I add more books of letters to my bookshelf than I read, due to the hefty page counts of letter collections. When I do read the books, I like to linger in them. It doesn’t work to inhale a bunch of letters in a long sitting. I suppose the lingering imitates how I used to read letters back when they arrived in the mailbox by the front door with a stamp, those years before e-mail.
Next month, Viking Penguin will publish Jack Kerouac and Allen Ginsberg: The Letters. Publisher’s Weekly describes the Kerouac-Ginsberg correspondence between 1944 – 1963 as “intense and offbeat.” It was the time when these young American authors were ushering into our post-war conservative country a countercultural, freer way of living and thinking, opening the doors for the sexual, political and social revolutions of the 1960s. They with William Burroughs were the authors who became known as the Beat Generation with Kerouac writing On the Road (1957), Ginsberg writing Howl (1956) and William Burroughs writing Naked Lunch (1959).

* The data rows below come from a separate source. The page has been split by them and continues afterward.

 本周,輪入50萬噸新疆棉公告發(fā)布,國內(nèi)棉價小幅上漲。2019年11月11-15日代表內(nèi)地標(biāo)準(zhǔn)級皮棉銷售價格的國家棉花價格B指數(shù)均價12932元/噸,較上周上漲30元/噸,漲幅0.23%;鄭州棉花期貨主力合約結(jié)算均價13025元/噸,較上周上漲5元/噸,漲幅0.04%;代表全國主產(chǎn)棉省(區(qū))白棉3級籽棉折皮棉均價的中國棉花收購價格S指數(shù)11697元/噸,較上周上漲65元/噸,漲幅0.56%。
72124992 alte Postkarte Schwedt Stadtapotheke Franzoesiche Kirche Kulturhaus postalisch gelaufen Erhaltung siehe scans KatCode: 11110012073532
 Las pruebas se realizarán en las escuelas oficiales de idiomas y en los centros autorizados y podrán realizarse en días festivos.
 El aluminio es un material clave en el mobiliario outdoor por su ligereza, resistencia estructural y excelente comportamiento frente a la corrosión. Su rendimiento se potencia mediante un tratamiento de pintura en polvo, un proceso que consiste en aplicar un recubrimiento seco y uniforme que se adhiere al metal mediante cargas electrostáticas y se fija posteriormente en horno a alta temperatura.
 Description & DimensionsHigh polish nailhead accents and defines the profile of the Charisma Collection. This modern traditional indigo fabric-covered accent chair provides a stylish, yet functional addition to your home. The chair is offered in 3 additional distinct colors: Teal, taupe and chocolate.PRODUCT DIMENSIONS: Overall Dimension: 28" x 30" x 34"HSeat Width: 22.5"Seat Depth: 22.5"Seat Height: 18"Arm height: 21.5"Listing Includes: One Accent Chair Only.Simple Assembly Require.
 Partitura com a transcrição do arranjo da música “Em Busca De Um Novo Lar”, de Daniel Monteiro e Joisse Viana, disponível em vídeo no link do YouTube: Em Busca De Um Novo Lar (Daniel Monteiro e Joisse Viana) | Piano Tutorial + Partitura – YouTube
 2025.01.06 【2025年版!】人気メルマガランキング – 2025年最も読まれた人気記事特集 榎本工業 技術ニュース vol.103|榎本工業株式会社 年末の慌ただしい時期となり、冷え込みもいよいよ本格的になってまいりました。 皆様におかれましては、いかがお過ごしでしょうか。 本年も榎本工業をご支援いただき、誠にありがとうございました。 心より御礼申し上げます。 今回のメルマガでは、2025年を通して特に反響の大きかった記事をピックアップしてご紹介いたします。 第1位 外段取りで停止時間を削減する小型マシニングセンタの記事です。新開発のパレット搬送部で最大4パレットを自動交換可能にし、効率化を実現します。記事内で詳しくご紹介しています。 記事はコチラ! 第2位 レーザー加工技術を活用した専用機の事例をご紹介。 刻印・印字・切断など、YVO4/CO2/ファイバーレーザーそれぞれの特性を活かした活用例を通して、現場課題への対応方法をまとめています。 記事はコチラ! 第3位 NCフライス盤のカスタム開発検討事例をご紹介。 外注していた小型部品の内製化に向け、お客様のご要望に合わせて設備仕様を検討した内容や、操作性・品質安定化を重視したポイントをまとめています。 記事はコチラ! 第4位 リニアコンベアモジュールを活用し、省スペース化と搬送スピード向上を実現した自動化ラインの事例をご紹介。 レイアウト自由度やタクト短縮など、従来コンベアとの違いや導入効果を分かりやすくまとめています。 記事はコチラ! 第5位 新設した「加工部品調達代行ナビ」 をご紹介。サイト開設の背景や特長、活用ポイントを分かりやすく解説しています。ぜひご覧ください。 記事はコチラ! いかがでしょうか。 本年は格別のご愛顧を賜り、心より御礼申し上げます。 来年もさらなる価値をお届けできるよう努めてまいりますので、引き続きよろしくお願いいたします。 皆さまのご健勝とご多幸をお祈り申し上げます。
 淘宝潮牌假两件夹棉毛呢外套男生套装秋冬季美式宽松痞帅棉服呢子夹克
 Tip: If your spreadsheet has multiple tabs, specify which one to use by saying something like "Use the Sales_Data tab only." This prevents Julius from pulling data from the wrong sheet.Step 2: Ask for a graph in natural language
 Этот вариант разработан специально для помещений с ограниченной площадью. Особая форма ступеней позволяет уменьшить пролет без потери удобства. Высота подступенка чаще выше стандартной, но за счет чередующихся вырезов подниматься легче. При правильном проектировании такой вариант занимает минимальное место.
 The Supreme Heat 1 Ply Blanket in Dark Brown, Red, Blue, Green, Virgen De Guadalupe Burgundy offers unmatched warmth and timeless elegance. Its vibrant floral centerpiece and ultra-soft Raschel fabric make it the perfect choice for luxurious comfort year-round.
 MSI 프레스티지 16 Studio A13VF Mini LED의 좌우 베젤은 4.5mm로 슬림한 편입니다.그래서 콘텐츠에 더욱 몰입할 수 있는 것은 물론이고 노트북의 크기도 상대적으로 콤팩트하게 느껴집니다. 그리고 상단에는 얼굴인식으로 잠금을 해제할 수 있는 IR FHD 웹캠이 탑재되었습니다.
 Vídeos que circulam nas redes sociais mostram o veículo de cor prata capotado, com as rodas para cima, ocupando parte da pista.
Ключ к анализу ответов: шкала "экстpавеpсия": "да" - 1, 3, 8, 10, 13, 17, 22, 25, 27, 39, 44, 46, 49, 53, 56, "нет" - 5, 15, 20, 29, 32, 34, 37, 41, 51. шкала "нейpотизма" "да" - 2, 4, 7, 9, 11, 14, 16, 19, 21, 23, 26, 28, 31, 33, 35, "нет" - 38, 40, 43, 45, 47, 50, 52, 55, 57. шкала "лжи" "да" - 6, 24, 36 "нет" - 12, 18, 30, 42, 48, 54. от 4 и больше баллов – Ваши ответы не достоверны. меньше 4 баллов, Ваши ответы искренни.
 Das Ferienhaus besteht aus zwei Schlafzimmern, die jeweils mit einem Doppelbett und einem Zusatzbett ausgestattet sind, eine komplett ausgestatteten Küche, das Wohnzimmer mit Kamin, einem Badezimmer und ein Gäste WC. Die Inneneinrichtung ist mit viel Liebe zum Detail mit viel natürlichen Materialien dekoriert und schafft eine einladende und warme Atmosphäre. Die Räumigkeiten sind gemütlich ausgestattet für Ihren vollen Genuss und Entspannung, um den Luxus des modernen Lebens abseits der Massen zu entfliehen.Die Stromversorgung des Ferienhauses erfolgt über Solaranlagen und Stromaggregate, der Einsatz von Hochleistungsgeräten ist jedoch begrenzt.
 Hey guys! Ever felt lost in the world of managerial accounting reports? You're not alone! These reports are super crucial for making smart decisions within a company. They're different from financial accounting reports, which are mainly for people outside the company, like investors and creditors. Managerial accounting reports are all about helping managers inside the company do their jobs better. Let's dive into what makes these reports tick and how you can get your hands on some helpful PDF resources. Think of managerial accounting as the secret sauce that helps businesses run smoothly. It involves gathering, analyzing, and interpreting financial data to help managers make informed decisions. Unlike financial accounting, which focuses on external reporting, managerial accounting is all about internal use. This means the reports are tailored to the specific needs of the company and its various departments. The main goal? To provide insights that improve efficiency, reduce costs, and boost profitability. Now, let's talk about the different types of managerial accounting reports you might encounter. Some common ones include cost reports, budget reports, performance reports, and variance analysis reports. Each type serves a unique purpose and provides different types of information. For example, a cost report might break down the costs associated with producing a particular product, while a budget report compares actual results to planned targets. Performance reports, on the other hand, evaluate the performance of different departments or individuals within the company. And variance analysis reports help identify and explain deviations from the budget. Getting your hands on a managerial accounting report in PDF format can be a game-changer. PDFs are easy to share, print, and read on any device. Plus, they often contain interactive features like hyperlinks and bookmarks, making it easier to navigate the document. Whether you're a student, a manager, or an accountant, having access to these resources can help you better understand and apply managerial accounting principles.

In On the Road, Kerouac writes: “The only people for me are the mad ones, the ones who are mad to live, mad to talk, desirous of everything at the same time.” He famously wrote the book on a continuous roll of Teletype paper. It took only three weeks to write, but seven years to get published. In the letters, according to Publisher’s Weekly, Ginsberg tells Kerouac that On the Road is unpublishable. Kerouac asks his friend to regard his magnum opus as the next Ulysses.
The book’s publisher Viking/Penguin says two-thirds of the letters have not before this book been published. Even so, I doubt Jack Kerouac and Allen Ginsberg: The Letters will hit the “beach reads” summer lists coming out this time of year, but it will be a cool luxury to have close by during hot summer nights.